◆ **Recorded information**:
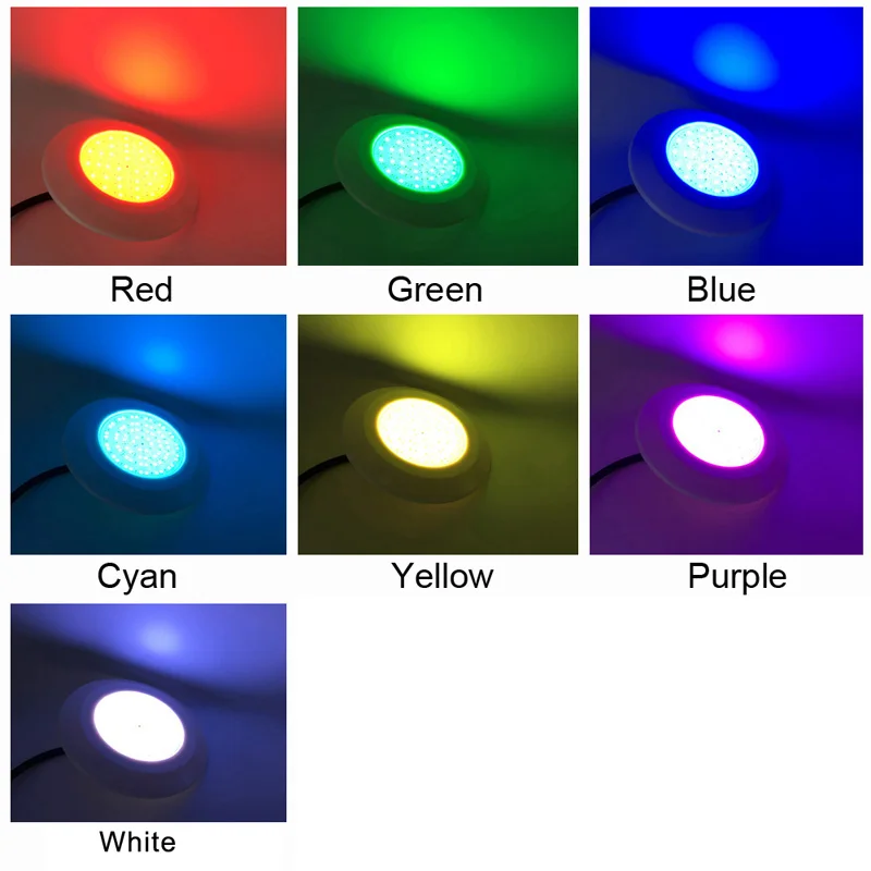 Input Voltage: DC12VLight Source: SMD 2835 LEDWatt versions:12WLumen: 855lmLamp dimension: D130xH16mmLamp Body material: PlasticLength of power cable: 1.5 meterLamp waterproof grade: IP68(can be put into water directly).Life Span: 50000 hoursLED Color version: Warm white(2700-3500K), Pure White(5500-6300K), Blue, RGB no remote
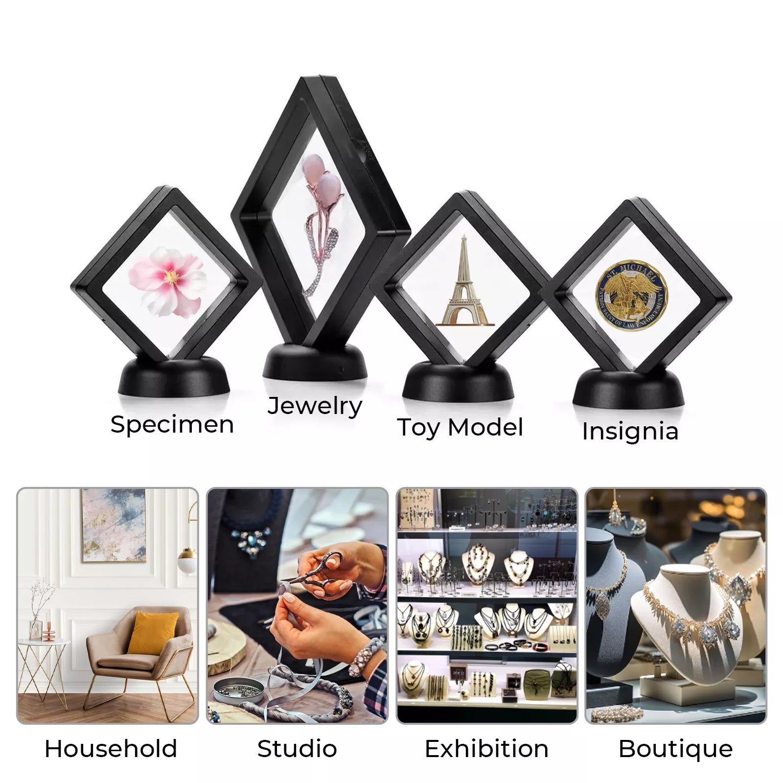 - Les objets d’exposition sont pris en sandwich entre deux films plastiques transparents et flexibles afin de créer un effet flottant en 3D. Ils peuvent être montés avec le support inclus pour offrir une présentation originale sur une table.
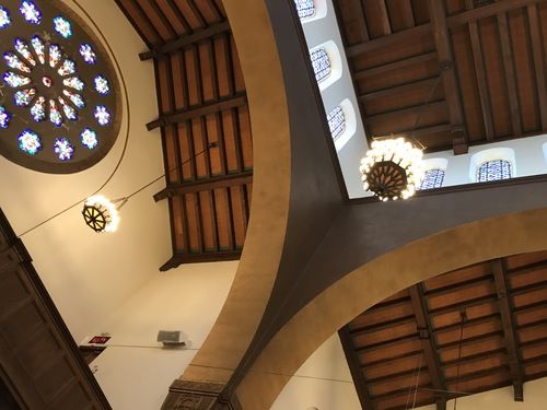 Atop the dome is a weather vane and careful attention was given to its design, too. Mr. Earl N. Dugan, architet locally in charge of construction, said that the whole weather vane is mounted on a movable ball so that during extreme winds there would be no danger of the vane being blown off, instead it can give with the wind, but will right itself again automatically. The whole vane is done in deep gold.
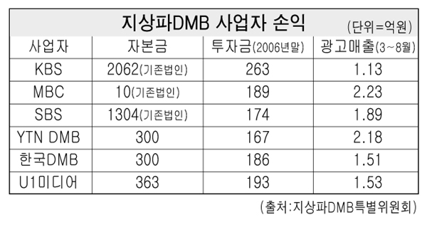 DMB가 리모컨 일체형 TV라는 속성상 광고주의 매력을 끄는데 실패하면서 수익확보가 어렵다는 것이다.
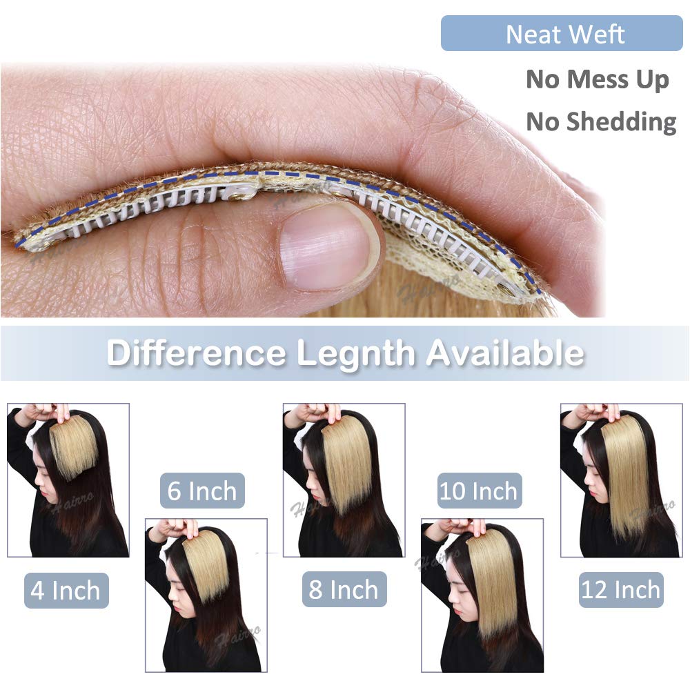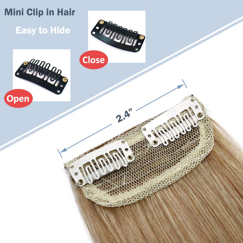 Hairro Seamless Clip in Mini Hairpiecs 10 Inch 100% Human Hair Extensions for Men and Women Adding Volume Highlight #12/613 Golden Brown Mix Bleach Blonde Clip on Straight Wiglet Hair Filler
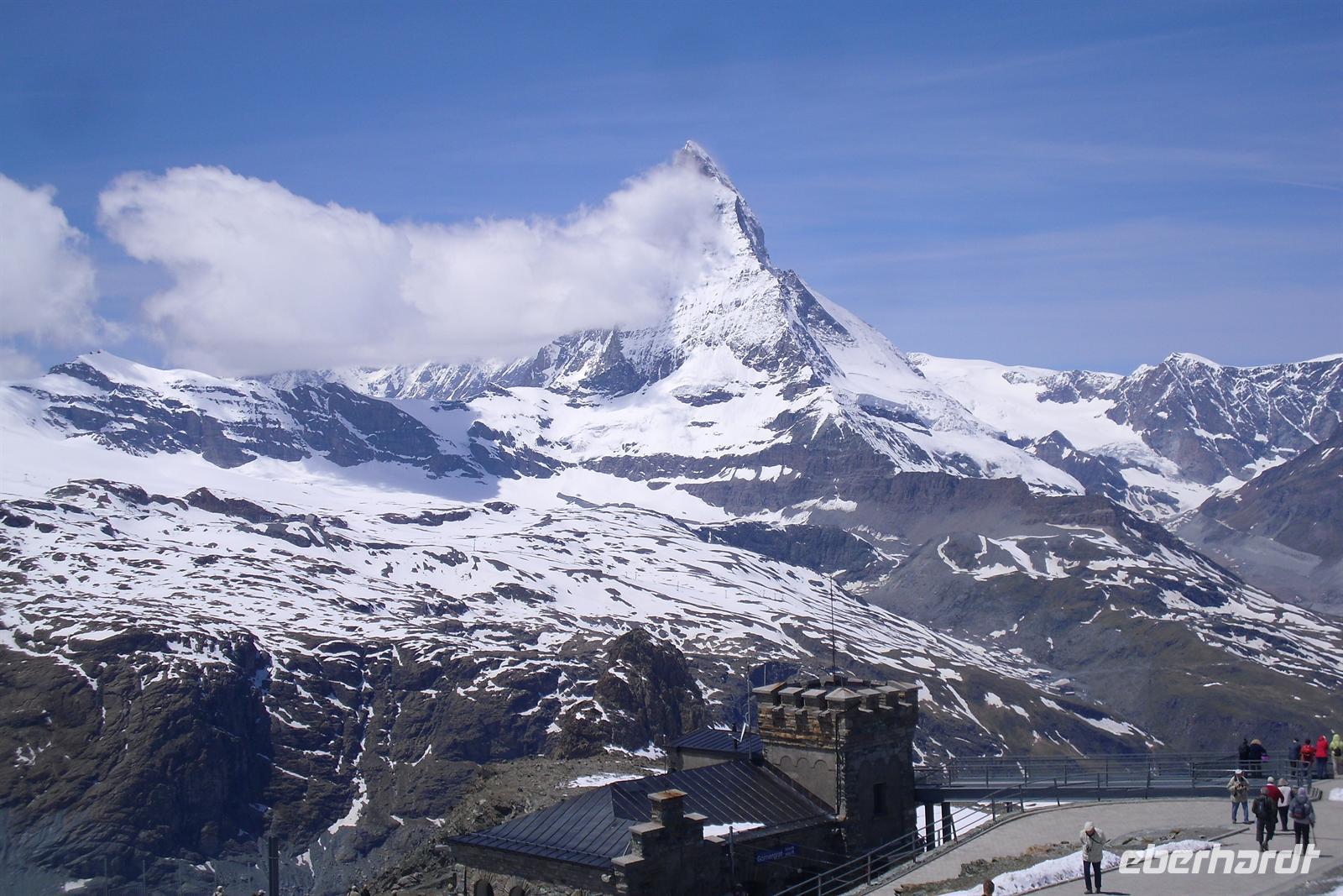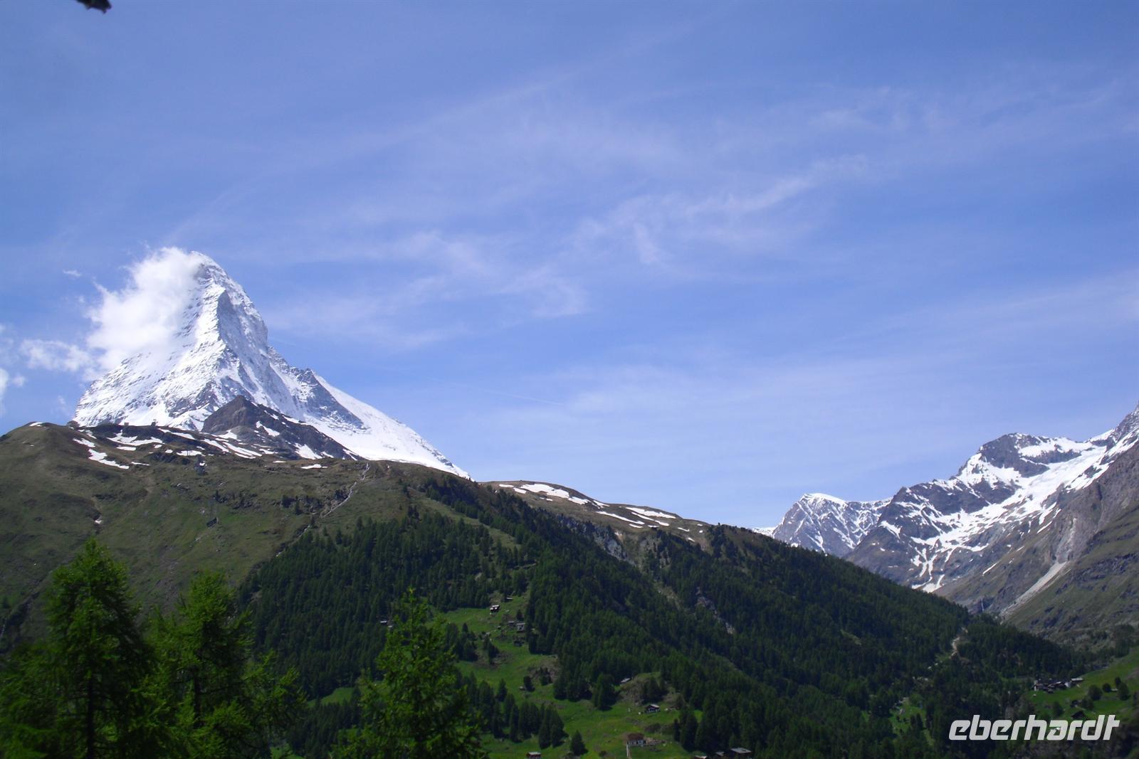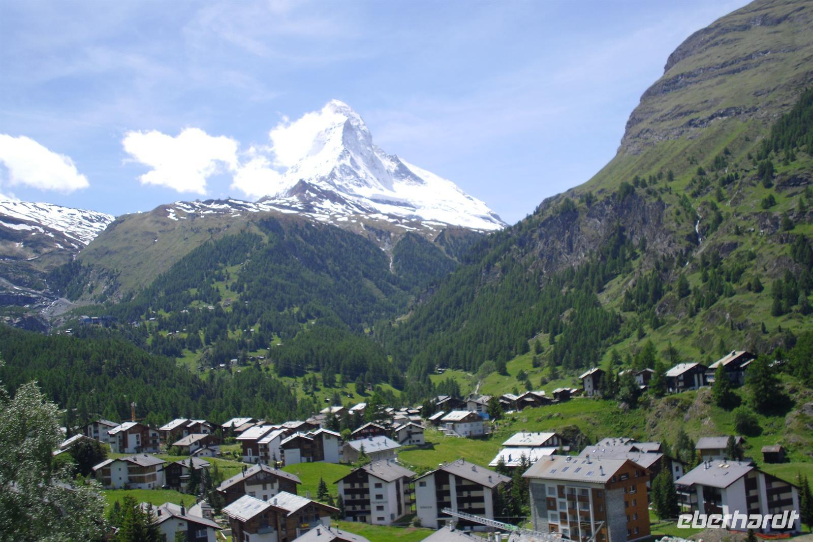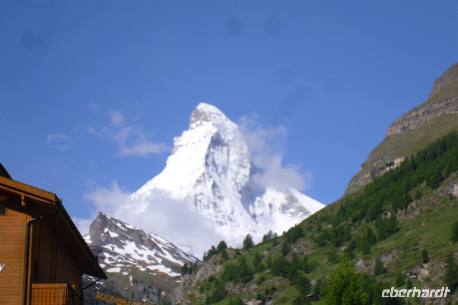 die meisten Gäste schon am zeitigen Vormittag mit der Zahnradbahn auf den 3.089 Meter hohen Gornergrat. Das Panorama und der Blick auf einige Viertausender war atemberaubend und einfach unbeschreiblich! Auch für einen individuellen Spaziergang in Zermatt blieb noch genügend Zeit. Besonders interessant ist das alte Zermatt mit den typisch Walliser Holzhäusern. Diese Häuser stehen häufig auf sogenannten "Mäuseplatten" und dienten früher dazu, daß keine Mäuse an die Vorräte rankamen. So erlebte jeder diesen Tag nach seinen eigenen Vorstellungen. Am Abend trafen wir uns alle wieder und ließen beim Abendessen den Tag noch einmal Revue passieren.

◆ **What this task involves**: Please copy the data above exactly; the pictures do not belong in the copy.

◆ **Exercise solution**:
 Input Voltage: DC12VLight Source: SMD 2835 LEDWatt versions:12WLumen: 855lmLamp dimension: D130xH16mmLamp Body material: PlasticLength of power cable: 1.5 meterLamp waterproof grade: IP68(can be put into water directly).Life Span: 50000 hoursLED Color version: Warm white(2700-3500K), Pure White(5500-6300K), Blue, RGB no remote
 - Les objets d’exposition sont pris en sandwich entre deux films plastiques transparents et flexibles afin de créer un effet flottant en 3D. Ils peuvent être montés avec le support inclus pour offrir une présentation originale sur une table.
 Atop the dome is a weather vane and careful attention was given to its design, too. Mr. Earl N. Dugan, architet locally in charge of construction, said that the whole weather vane is mounted on a movable ball so that during extreme winds there would be no danger of the vane being blown off, instead it can give with the wind, but will right itself again automatically. The whole vane is done in deep gold.
 DMB가 리모컨 일체형 TV라는 속성상 광고주의 매력을 끄는데 실패하면서 수익확보가 어렵다는 것이다.
 Hairro Seamless Clip in Mini Hairpiecs 10 Inch 100% Human Hair Extensions for Men and Women Adding Volume Highlight #12/613 Golden Brown Mix Bleach Blonde Clip on Straight Wiglet Hair Filler
 die meisten Gäste schon am zeitigen Vormittag mit der Zahnradbahn auf den 3.089 Meter hohen Gornergrat. Das Panorama und der Blick auf einige Viertausender war atemberaubend und einfach unbeschreiblich! Auch für einen individuellen Spaziergang in Zermatt blieb noch genügend Zeit. Besonders interessant ist das alte Zermatt mit den typisch Walliser Holzhäusern. Diese Häuser stehen häufig auf sogenannten "Mäuseplatten" und dienten früher dazu, daß keine Mäuse an die Vorräte rankamen. So erlebte jeder diesen Tag nach seinen eigenen Vorstellungen. Am Abend trafen wir uns alle wieder und ließen beim Abendessen den Tag noch einmal Revue passieren.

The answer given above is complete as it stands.